Begin your copy at the line with "スポまち！ピックアップ" in the records below and end it at the line with "Matéria de jornal", restating each line word for word; omit the pictures.

Records for this exercise =

-=-=-=-=-

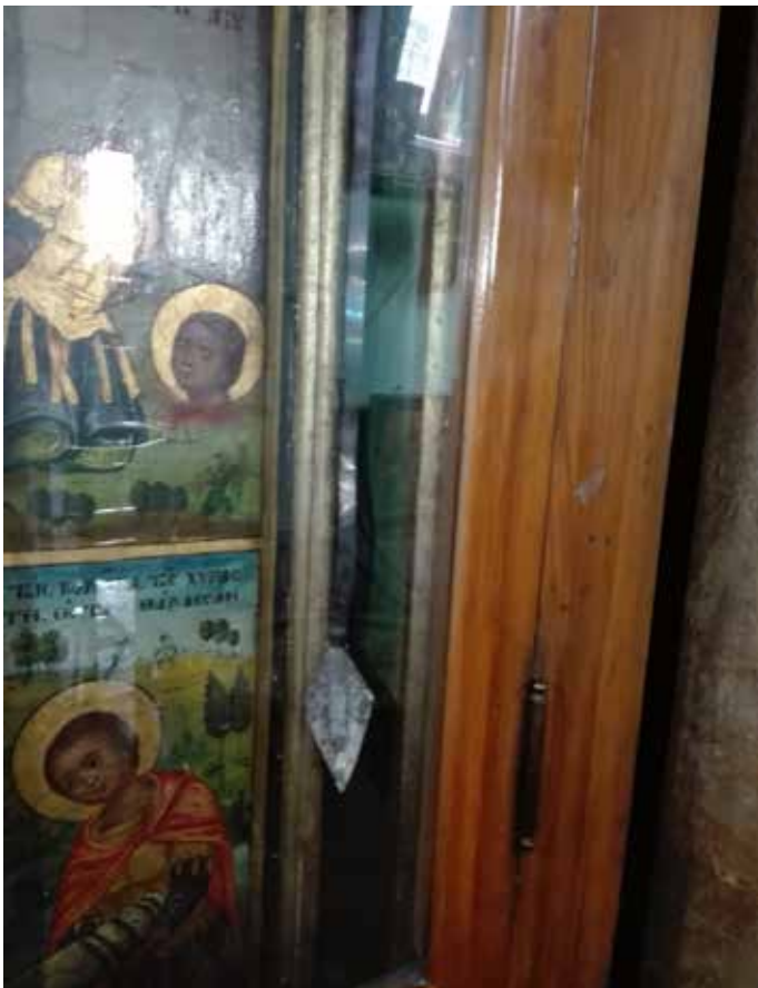
Il-Hanza ta' San Ġorġ.

Minn ġewwa l-knisja hi ddekorata b'affreski u ikoni fuq stil Bizantin. F'nofs il-koppla hemm il-figura ta' Kristu Pantokrator. Hemm rappreżentazzjonijiet ta' San Ġorġ fuq żiemel abjad u tal-martirju tal-qaddis, liebes tonka ħamra. Ma tonqosx l-ikona ta' San Ġorġ, meqjuma f'din il-knisja, flimkien mar-relika tal-katina li biha ġie marbut, li huma meqjumin dejjem, mhux biss mill-Kristjani Griegi-Ortodossi, imma saħansitra mill-Musulmani, l-aktar nhar il-festa ta' San Ġorġ Martri, li fil-Kalendarju Ġuljan segwit mill-Ortodossi hi ċċelebrata fis-6 ta' Mejju, li jikkorrispondi għat-23 ta' April tal-Kalendarju Gregorjan segwit minna l-Kattoliċi.
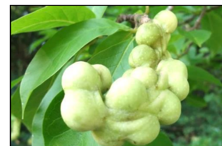
コブシの若い実 (モクレン科) 実の形が握りこぶしに似ているので、「コブシ」という名が付けられています。
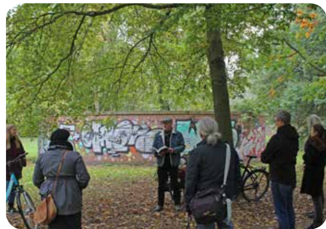
Jährliche Bestandsaufnahme des Kunstwerks sanctuarium durch die AG Botanik

Esche, Feldahorn, Hasel, Efeu, Ei... – Moment mal! Stand hier vor nicht allzu langer Zeit nicht noch eine ausgewachsene Eiche? Oder war es eine Esche? Die Mitglieder der AG Botanik sind ratlos. Wie jedes Jahr seit nunmehr 23 Jahren haben sie sich an einem Sonntagnachmittag im Oktober rund um das sanctuarium versammelt. Das ungewöhnliche Kunstwerk wurde 1997 im Rahmen der Ausstellung Skulptur.Projekte in Münster vom niederländischen Künstler Herman de Vries erbaut.
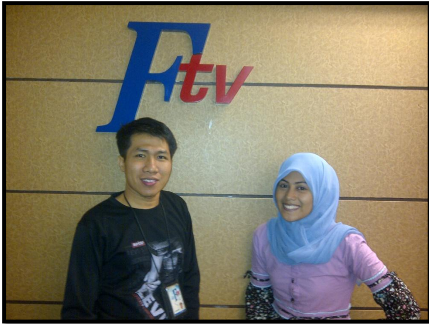
Gambar 1 : foto bersama wartawan fajar
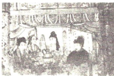
图 2 白沙宋墓二号墓西南壁
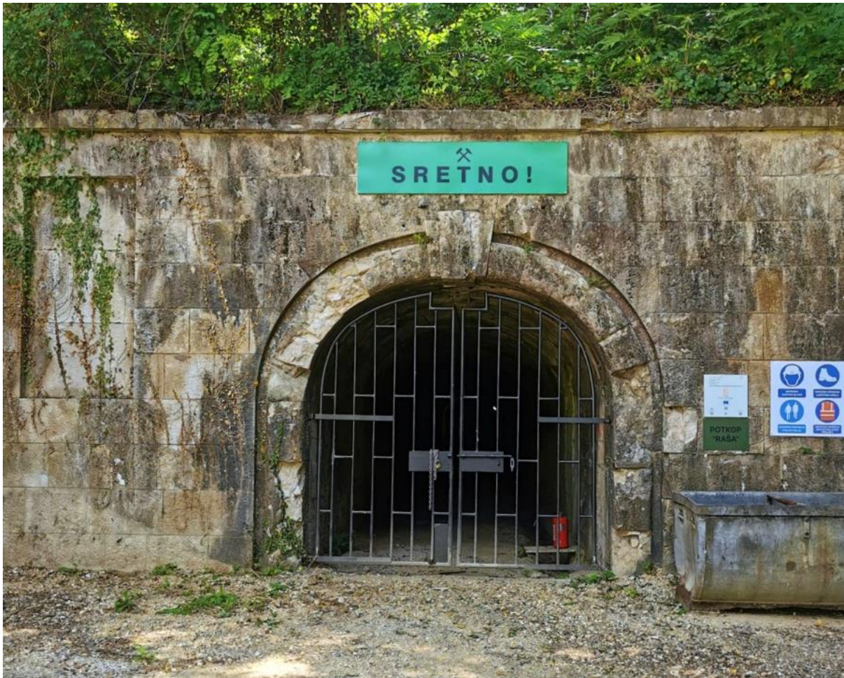
Slika 4. Pozdrav "Sretno!" nad raškim ulazom u rudnik (Izvor: https://www.rasa.hr/rasani-ispunjeni-emocijama-nakon-prvog-obilaska-preuređenog-rudnika/ , 20. kolovoza 2023. )

U okruženju gdje su rizici i neizvjesnost svakodnevni pratitelji, "sretno" nije samo formalnost, već izraz iskrene brige za kolege rudare. To je izraz empatije i podrške koji odražava svijest o potencijalnim opasnostima i težini posla. Rudari su se suočavali s mračnim, teškim uvjetima pod zemljom, neizvjesnošću hoće li se sigurno vratiti svojim obiteljima i svakodnevnim strahovima od nesreća. "Sretno" je postalo njihov način da se međusobno podsjeti na zajedničku sudbinu i potrebu za uzajamnom podrškom. Pozdrav "sretno" ima svojstvo povezivanja generacija rudara i prenošenja kulturne baštine. Kroz povijest, rudari su ga prenosili s koljena na koljeno, čineći ga neprocjenjivim dijelom rudarske folklore. Ovaj pozdrav se ne može shvatiti samo kao riječ, već kao duboko ukorijenjen ritual koji prenosi vrijednosti hrabrosti, uzajamnosti i zajedništva (Freese, 2004., str. 53.).
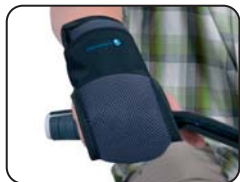
E11 - Guanto blocco mani
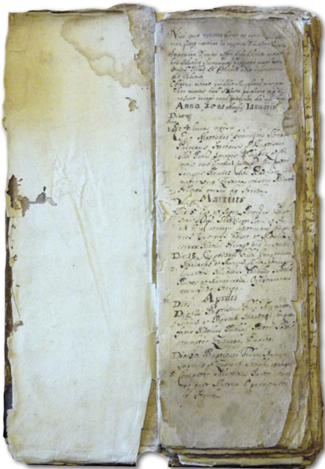
Najstaršia štrbská matrika narodených a pokrstených z roku 1689
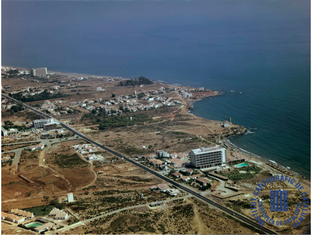
Figura 03: Años 60, panorámica N-340 a su paso por Benalmádena, con el hotel Tritón, inaugurado en 1961, en primer plano a la derecha
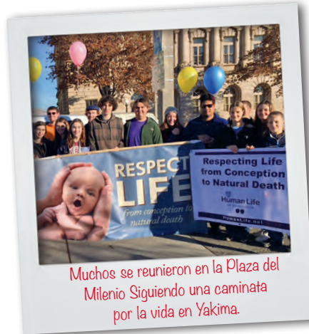
Muchos se reunieron en la Plaza del Milenio Siguiendo una caminata por la vida en Yakima.

Una tercera caminata comenzará a la 1 p.m., el sábado 26 de enero en
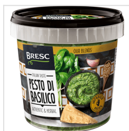
Bresc Pesto van basilicum 1000g
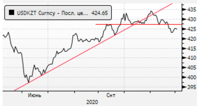
USDKZT: предновогоднее укрепление тенге
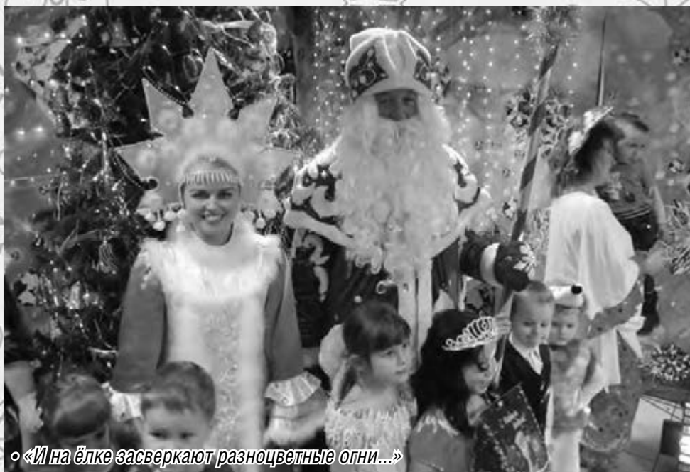
«И на ёлке засверкают разноцветные огни...»

Его главными героями стали тигр, обезьяна, черепаха, попугай и синий бегемот, задумавшиеся, как же им встретить любимый праздник. Вставить колючки в лоскутную шкуру тигра или нарядить игрушками пальму – все это выглядело бы смешно. А тут еще злючка Дюдюка Дормидонтовна, которая делает все наоборот: начала отгадывать с малышами загадки, она неверные ответы подсказывает, песню затеяли – снова мешает. Хорошо хоть семь нот дала с ребятами разучить. Сначала тигр и его друзья попросили назвать слова, где спряталась каждая из ноток. Из «до» получился домик, из «ре» – ребячья болтовня, из «ми» – микстура, нота «фа» дала основу для слова «фантазия», «оль» превратилась в средство послонить, «ля» напомнила о лягушке, «си» прозвучала как сирена. Из всех этих назва-
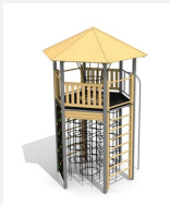
XL.010.M Tour hexagonale XL
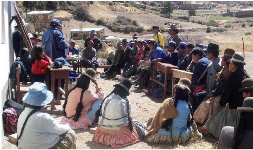
En comunidad: En el área rural aplicarán la justicia de acuerdo con sus normas y procedimientos propios.

La Ley del Órgano Judicial reconoce la coexistencia de varios sistemas jurídicos, principalmente de la justicia de las naciones y pueblos indígena originario campesinos. La plurinacionalidad y el pluralismo jurídico son dos principios fundamentales inscritos en esta nueva Ley.
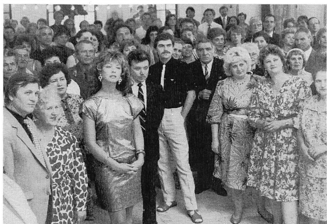
Zu Ehren des ersten Rock'n'Roll-Tänzers des Ortes ...
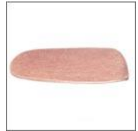
Wkład siedziska skl. pod M-103 T - 191
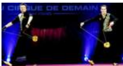
Jongleurs diabolos : GOLDEN TIME le cirque endiablé
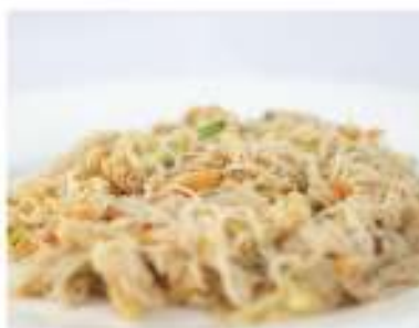
158/ Spaghetti di riso con verdure €5,00 Allergeni: 1
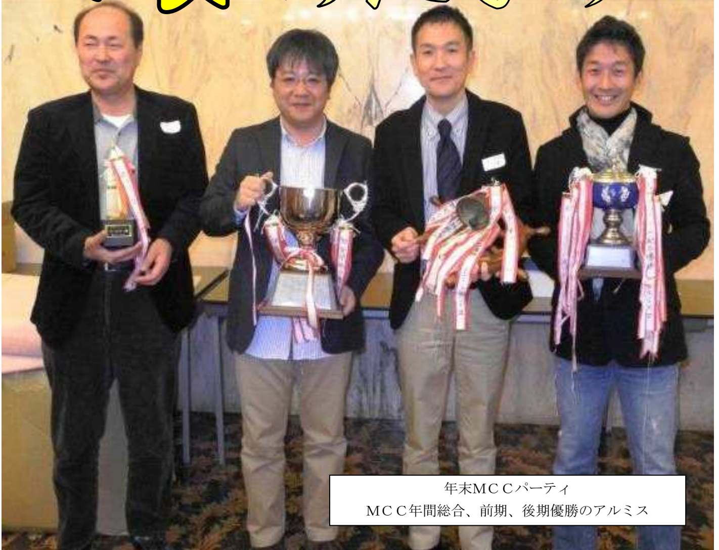
年末MCCパーティ MCC年間総合、前期、後期優勝のアルミス
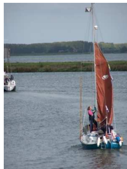
>Nautisch planningsmoment voor de schutting...en weer op weg, het Volkerak achter ons latend<
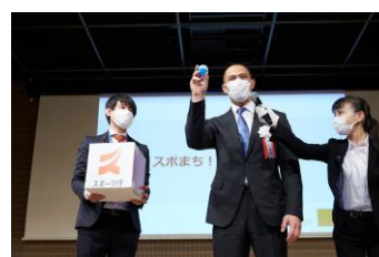
スポまち！ピックアップ
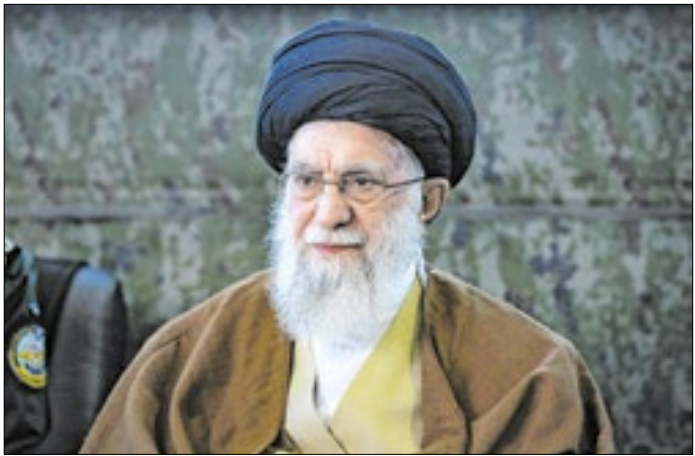
Aiatolá Ali Khamenei rechaçou os blefes públicos de Trump
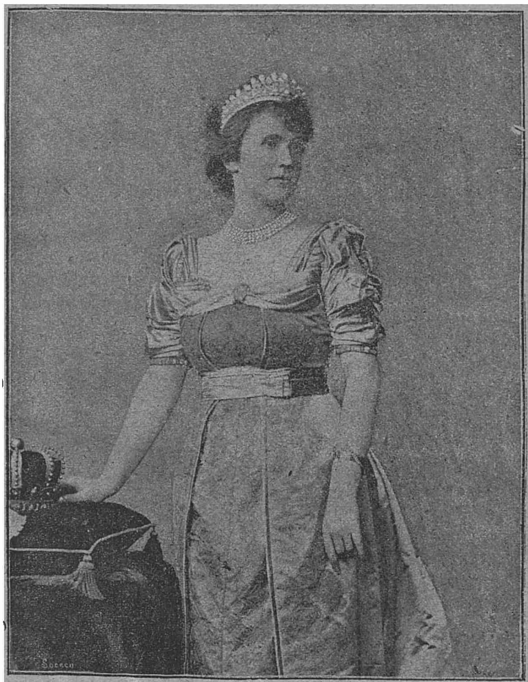
M. S. REGINA ELISAVETA.

respectată, stăpană pe destinele ei și trebuincioasă păcii europene, civilizațiunii omenesci. Fruntașul ei este în același timp mândria ei, siguranța ei, pavăza
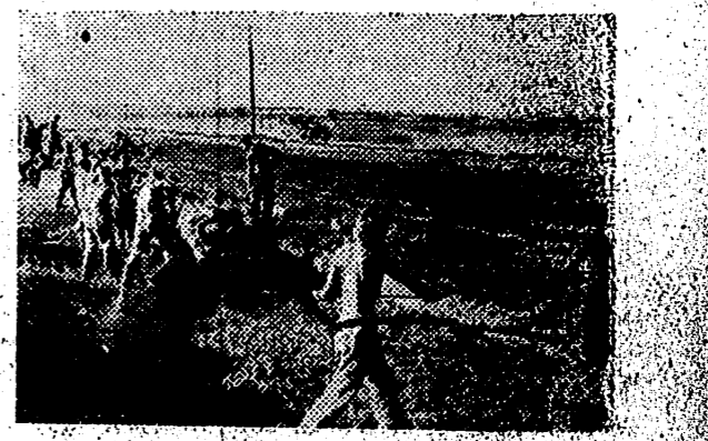
En el avance de las tropas de infantería para las malas carreteras y flechas de las partes a las fuerzas armadas para su El Servicio de Trabajo alemán sigue en...

Barcelona. — «El Correo Catalán» cumple hoy sus 75 años de existencia y ha alcanzado el número 20.000 de su edición. — Cifra.
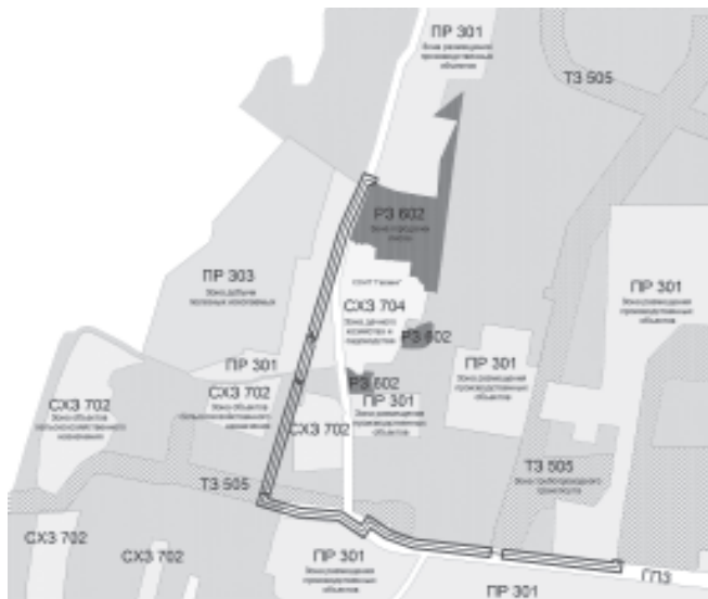
Схема границ проектируемой территории для размещения линейного объекта газопровода в части Северо-западного узла города Нижневартовска
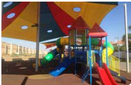
בונים פארקים ומתקני משחקים

כדי לקדם ולזרז בניית תשתיות בשכונות העיר יזמה הנהלת העיר העברת תקציבי פיתוח ממשרד הבינוי לעירייה. בימים אלה פועלת העירייה להשלמת תשתיות הפיתוח בשכונת קריית האומנים. העבודות כוללות: השלמת מדרכות, קרצוף וריבוד כבישים, סלילת רחובות, פיתוח פארקים והשלמת העבודות לפתיחת כביש הכנסה מפיקוד העורף.
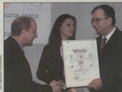
Fosroc Ksante najpierw zdobyła jeden certyfikat, teraz ma już
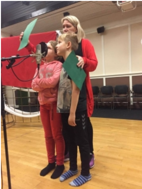
NEMENDUR Í 4. BEKK TAKA UPP EFNI.

Hitann og þungann af vinnu við undirbúning og útsendingar útvarpsins ber stjórn Nemendafélags Grunnskólans í Borgarnesi ásamt tæknimönnum sem sjá um tæknimál, bæði við upptöku þátta yngri bekkja og í beinni útsendingu þátta eldri nemenda. Það krefst mikillar vinnu og leggja krakkarnir nótt við dag til þess að láta allt ganga upp. Ekki er hægt að segja annað en að mikið og fjölbreytt nám fari fram við framkvæmd þessa verkefnis, nám fyrir tæknimenn, nám í íslensku, handritsgerð og framsögn og þjálfun í að koma fram. Auk þess sem hér er um mjög skemmtilegt verkefni að ræða sem setur sterkan svip á bæjarlífið og jólaundirbúninginn.
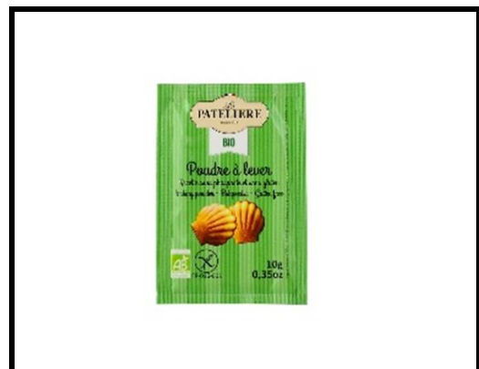
1 sachet de levure
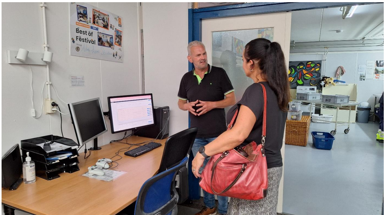
SDIR bezoekt Dierenambulance Groningen

Om dit te realiseren willen we dat dieren standaard worden opgenomen in noodhulpplannen. Samen met dierenambulances en dierenopvangen zetten we goed getrainde dierenhulpcrisisteam op die direct in actie kunnen komen bij een oproep vanuit de crisisbeheersing. We organiseren trainingen en oefeningen en ondersteunen lokale organisaties waar nodig. Bij grote rampen coördineert Stichting Dieren in Rampen de inzet voor dierenhulp.
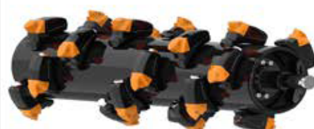
Forestal rotor fixed teeth
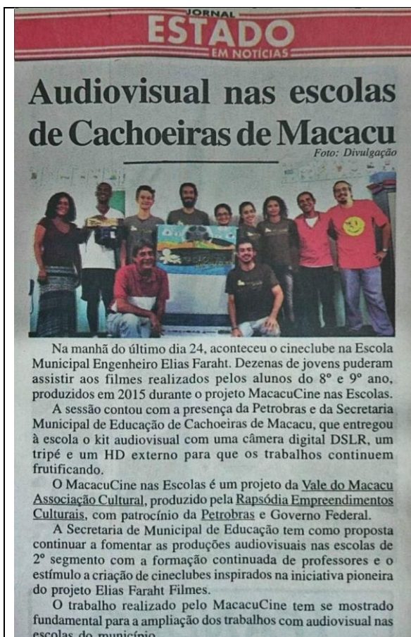
Matéria de jornal sobre as Aulas do MacacuCine em 2015.
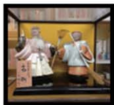
ホームページにて公開中
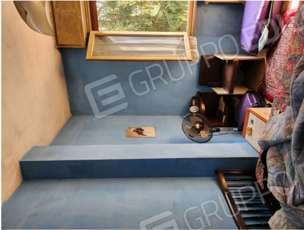
Fotografia F.3 - locale interno

-=-=-=-=-

Exercise result =
スポまち！ピックアップ
Aiatolá Ali Khamenei rechaçou os blefes públicos de Trump
M. S. REGINA ELISAVETA.

respectată, stăpană pe destinele ei și trebuincioasă păcii europene, civilizațiunii omenesci. Fruntașul ei este în același timp mândria ei, siguranța ei, pavăza
En el avance de las tropas de infantería para las malas carreteras y flechas de las partes a las fuerzas armadas para su El Servicio de Trabajo alemán sigue en...

Barcelona. — «El Correo Catalán» cumple hoy sus 75 años de existencia y ha alcanzado el número 20.000 de su edición. — Cifra.
Схема границ проектируемой территории для размещения линейного объекта газопровода в части Северо-западного узла города Нижневартовска
בונים פארקים ומתקני משחקים

כדי לקדם ולזרז בניית תשתיות בשכונות העיר יזמה הנהלת העיר העברת תקציבי פיתוח ממשרד הבינוי לעירייה. בימים אלה פועלת העירייה להשלמת תשתיות הפיתוח בשכונת קריית האומנים. העבודות כוללות: השלמת מדרכות, קרצוף וריבוד כבישים, סלילת רחובות, פיתוח פארקים והשלמת העבודות לפתיחת כביש הכנסה מפיקוד העורף.
Fosroc Ksante najpierw zdobyła jeden certyfikat, teraz ma już
NEMENDUR Í 4. BEKK TAKA UPP EFNI.

Hitann og þungann af vinnu við undirbúning og útsendingar útvarpsins ber stjórn Nemendafélags Grunnskólans í Borgarnesi ásamt tæknimönnum sem sjá um tæknimál, bæði við upptöku þátta yngri bekkja og í beinni útsendingu þátta eldri nemenda. Það krefst mikillar vinnu og leggja krakkarnir nótt við dag til þess að láta allt ganga upp. Ekki er hægt að segja annað en að mikið og fjölbreytt nám fari fram við framkvæmd þessa verkefnis, nám fyrir tæknimenn, nám í íslensku, handritsgerð og framsögn og þjálfun í að koma fram. Auk þess sem hér er um mjög skemmtilegt verkefni að ræða sem setur sterkan svip á bæjarlífið og jólaundirbúninginn.
1 sachet de levure
SDIR bezoekt Dierenambulance Groningen

Om dit te realiseren willen we dat dieren standaard worden opgenomen in noodhulpplannen. Samen met dierenambulances en dierenopvangen zetten we goed getrainde dierenhulpcrisisteam op die direct in actie kunnen komen bij een oproep vanuit de crisisbeheersing. We organiseren trainingen en oefeningen en ondersteunen lokale organisaties waar nodig. Bij grote rampen coördineert Stichting Dieren in Rampen de inzet voor dierenhulp.
Forestal rotor fixed teeth
Matéria de jornal sobre as Aulas do MacacuCine em 2015.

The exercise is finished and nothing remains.